• [DESCRIPTION OF THE TASK] Set the material down again exactly, line by line, skipping each picture.

• [DATASET CONTENT]
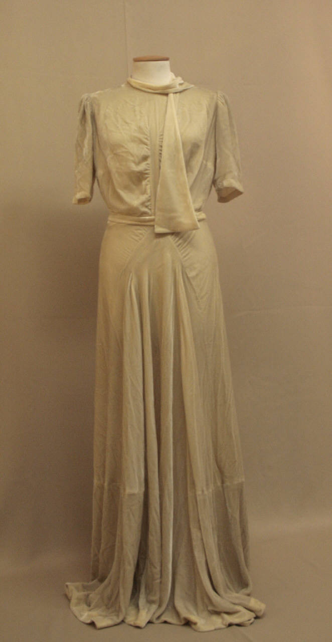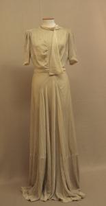 abito lungo in velluto avorio. Corpino girocollo, reso morbido sul davanti da arricciatura verticale centrale. Maniche al gomito, arricciate alla spalla e sostenute da spallini interni. Gonna in due teli sbiechi e inserto svasato al centro davanti, sagomato a punta verso la vita. I teli sono completati da una balza in sbieco. Apertura centrale posteriore con cerniera e nastro stringivita.\nL'abito è coredato da cinturino e fusciacca con estremità allungate.
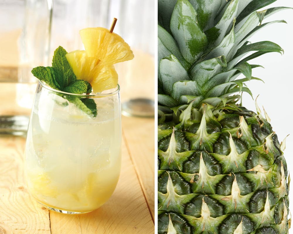 Hæld drinken i et glas – gerne iskoldt fra fryseren – og pynt med et stykke ananas og en myntekvist.
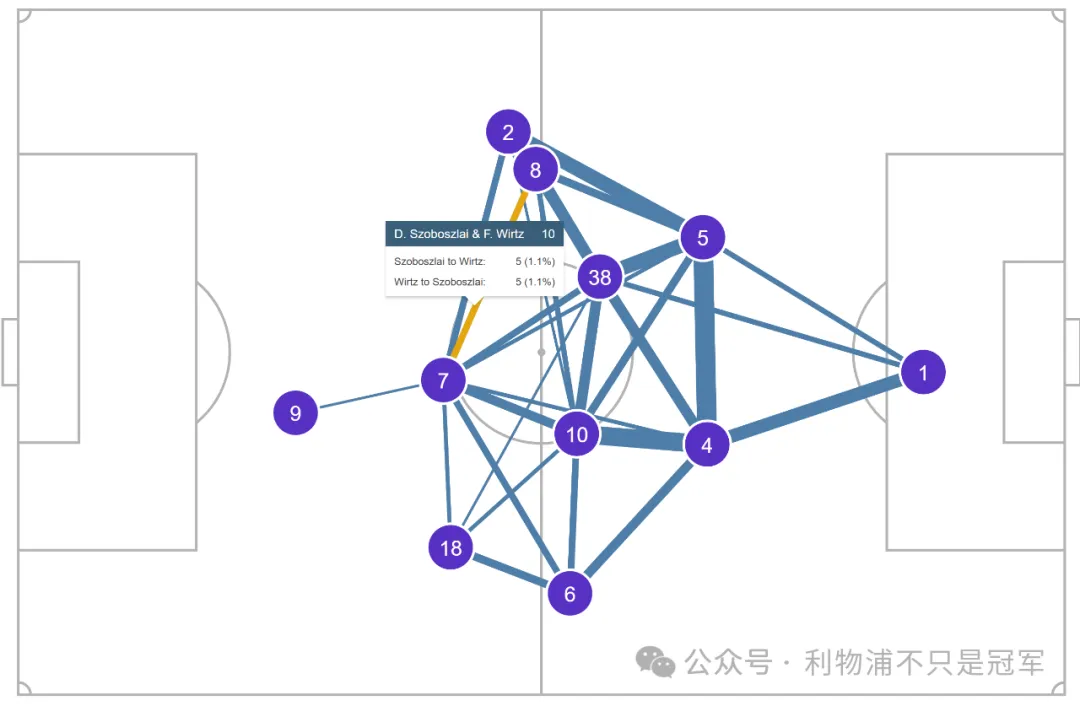 OPTA的数据表明,本场维尔茨和索博斯洛伊之间共完成10次成功传球,相互各5次,显示了两人之间良好的呼应关系。

• [RESPONSE TO THIS EXERCISE]
 abito lungo in velluto avorio. Corpino girocollo, reso morbido sul davanti da arricciatura verticale centrale. Maniche al gomito, arricciate alla spalla e sostenute da spallini interni. Gonna in due teli sbiechi e inserto svasato al centro davanti, sagomato a punta verso la vita. I teli sono completati da una balza in sbieco. Apertura centrale posteriore con cerniera e nastro stringivita.\nL'abito è coredato da cinturino e fusciacca con estremità allungate.
 Hæld drinken i et glas – gerne iskoldt fra fryseren – og pynt med et stykke ananas og en myntekvist.
 OPTA的数据表明,本场维尔茨和索博斯洛伊之间共完成10次成功传球,相互各5次,显示了两人之间良好的呼应关系。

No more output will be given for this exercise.